Но что же произошло? А вот что. Взяли мирного человека, драматурга, ни о чем другом не помышлявшего, кроме желания написать еще несколько десятков хороших пьес на пользу стране и партии, – и сделали из этого человека помойку, посмешище, позор и поношение общества, вымазали его в самой смрадной грязи и выставили сохнуть на солнце, а проходившим мимо гражданам кричали: вот он, агент и бандит, смотрите, дети, на него, как он худ и бледен, как презирают все его.
И проходили граждане и презирали, и дети проходили и отворачивались, потому что вид налепленной на меня грязи был действительно ужасен – комки ее висели как струпья, и не было видно ни лица, ни глаз – один измазанный обрубок навоза[361]
.В дни, когда пишутся эти трагические строки, Афиногенов тихо и смиренно живет в Переделкине и читает Достоевского и Шекспира. В его дневниках начинают появляться слова о том, как рад он этим гонениям, потому что может мыслить, читать, обдумывать жизнь. Почти каждый день он встречается с Пастернаком, разговаривает с ним, открывая для себя абсолютно иной мир: вне собраний, вне клеветы и сплетен – только творчество.
Разговоры с Пастернаком навсегда останутся в сердце. Он входит и сразу начинает говорить о большом, интересном, настоящем. ‹…›
Когда приходишь к нему – он так же вот сразу, отвлекаясь от всего мелкого, забрасывает тебя темами, суждениями, выводами – все у него приобретает очертания значительного и настоящего. Он не читает газет – это странно для меня, который дня не может прожить без новостей. ‹…› И будь он во дворце или на нарах камеры – все равно он будет занят[362]
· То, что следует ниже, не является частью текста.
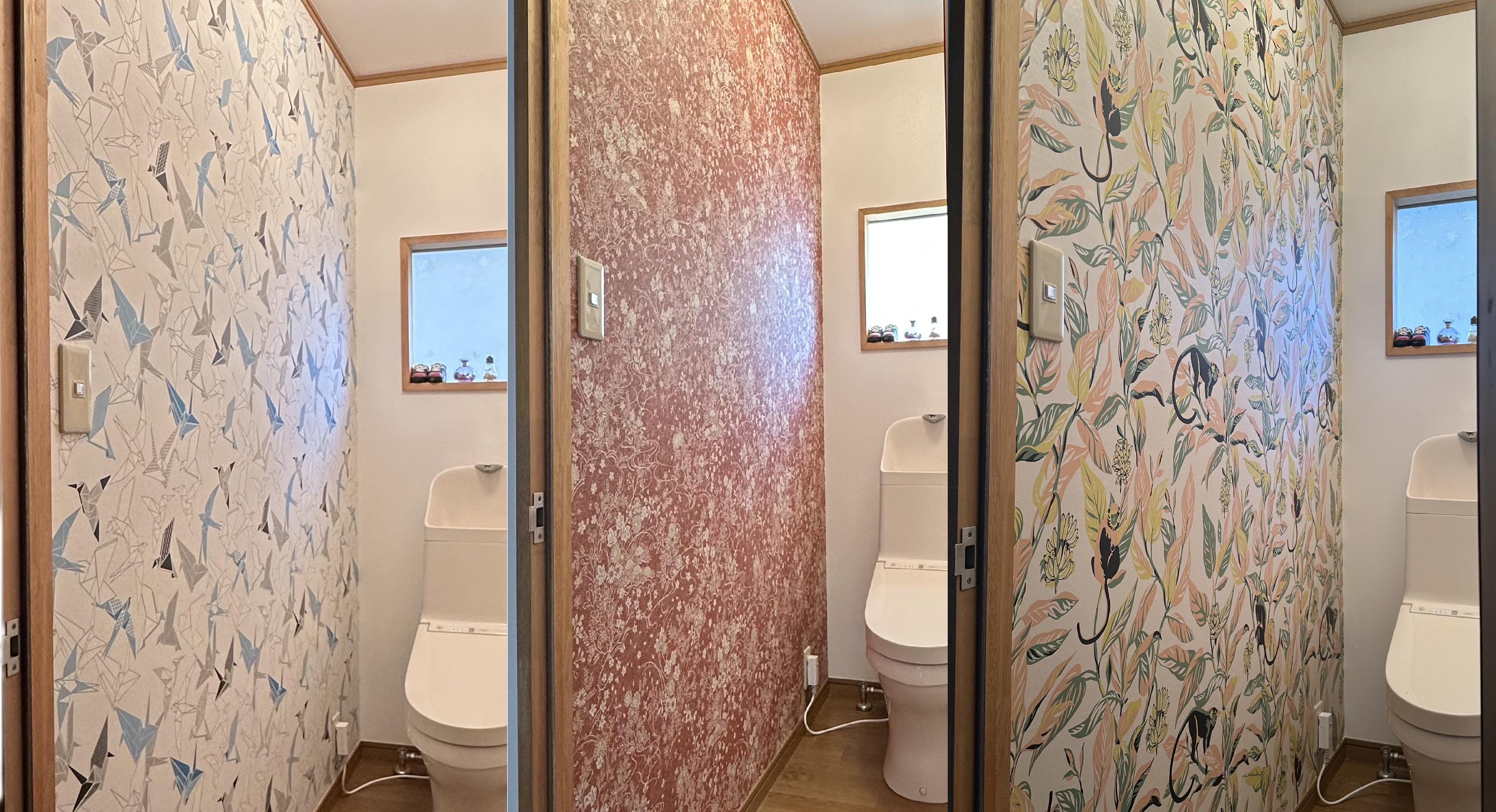 トイレのアクセントクロスのみ貼り替えの小規模リフォーム工事です。短期間に貼り替えをするあまり前例のない工事でした。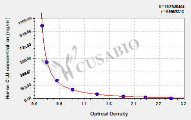 To assess the linearity of the assay, samples were spiked with high concentrations of horse CLU in various matrices and diluted with the Sample Diluent to produce samples with values within the dynamic range of the assay. Sample Serum(n=4) 1:1000 Average % 101 Range % 95-106 1:2000 Average % 90 Range % 85-94 1:4000 Average % 98 Range % 92-102 1:8000 Average % 100 Range % 94-104 -
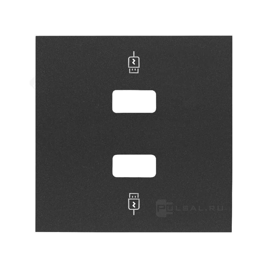 • Кит 2 поста, фронт. Накладка на 2 розетки Schuko с з/у USB SC цвета черный матовый S100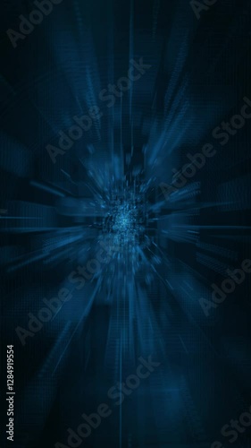 Wall mural vertical tech tunnel fast travel blue green 4k loop features golden disk and circle shapes raining d

.Проговорка про нары применительно к Пастернаку – не фигура речи; все понимают, что тот – несомненный кандидат на ближайший арест.
10
А жизнь все не дает мне успокоиться. Сегодня пережил одно из самых горьких огорчений за последние месяцы. Я узнал, что Всеволод Иванов не только голосовал за мое исключение из союза, это уж пусть, за счет его слабости и желания жить в мире со Ставским. ‹…› Он настаивал на моем исключении и подписал письмо партгруппы с требованием исключения.
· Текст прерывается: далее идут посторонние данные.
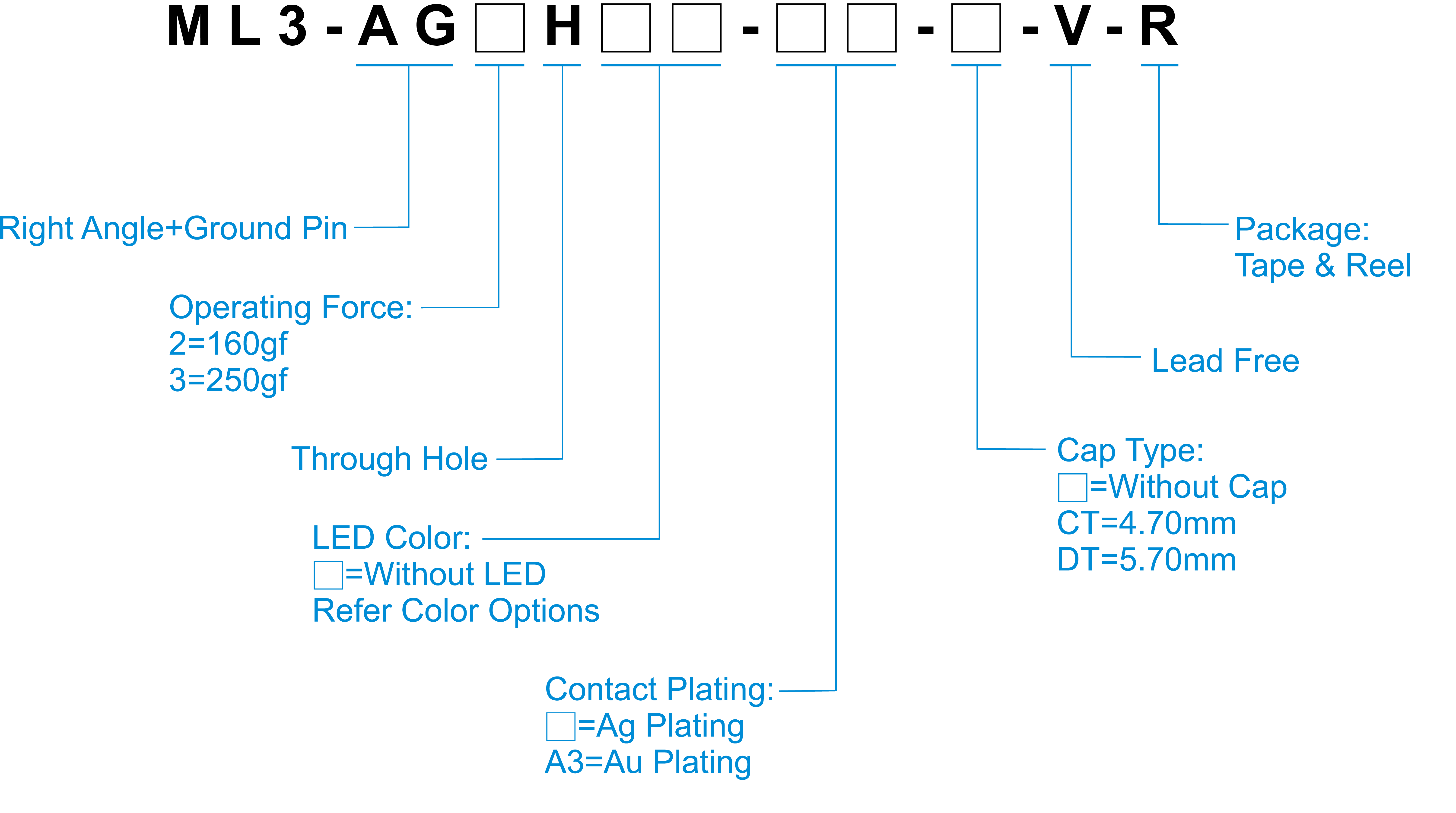 | ML3-AG2HPB□□-□□-CT-V | PB(Blue) | - | - | 160 | 0.2 | 100000 | 4.7 | 4 | - |

Моя первая мысль, когда я узнал это, была – пойти тут же в Москве в комендатуру НКВД и заявить, чтобы меня арестовали, чтобы меня увезли куда-нибудь очень далеко от этих людей, от этой удушающей подлости человеческой, когда он же, Всеволод, которого я
Как жить среди таких двурушников, трусов и слабодушных! Зачем ему понадобилось быть со мной в хороших отношениях, считать и называть меня своим другом, а потом – ударить в спину? Или, может быть, он боялся, что я «разоблачу», что дачу ему построило НКВД и истратило 50 000! Или он боится, что я «разоблачу», что именно он приезжал ко мне от Авербаха с просьбой прийти к нему и помириться? Или боится он, что станут через меня известны его теснейшие связи с Погребинским, Аграновым и прочими? Или, с другой стороны, хочет он этим выступлением купить себе наконец почет и уважение Ставского? Если так, он этого добился. Уже приезжают к нему с почетом и уважением, он назначен на время отъезда Ставского ответственным секретарем, его включают в разные там комиссии, он вот будет читать в зале Политехнического музея о Бородине – в том самом зале, где я осмелился выступить в его защиту тогда, когда Ставский и прочие травили его несправедливо…[363]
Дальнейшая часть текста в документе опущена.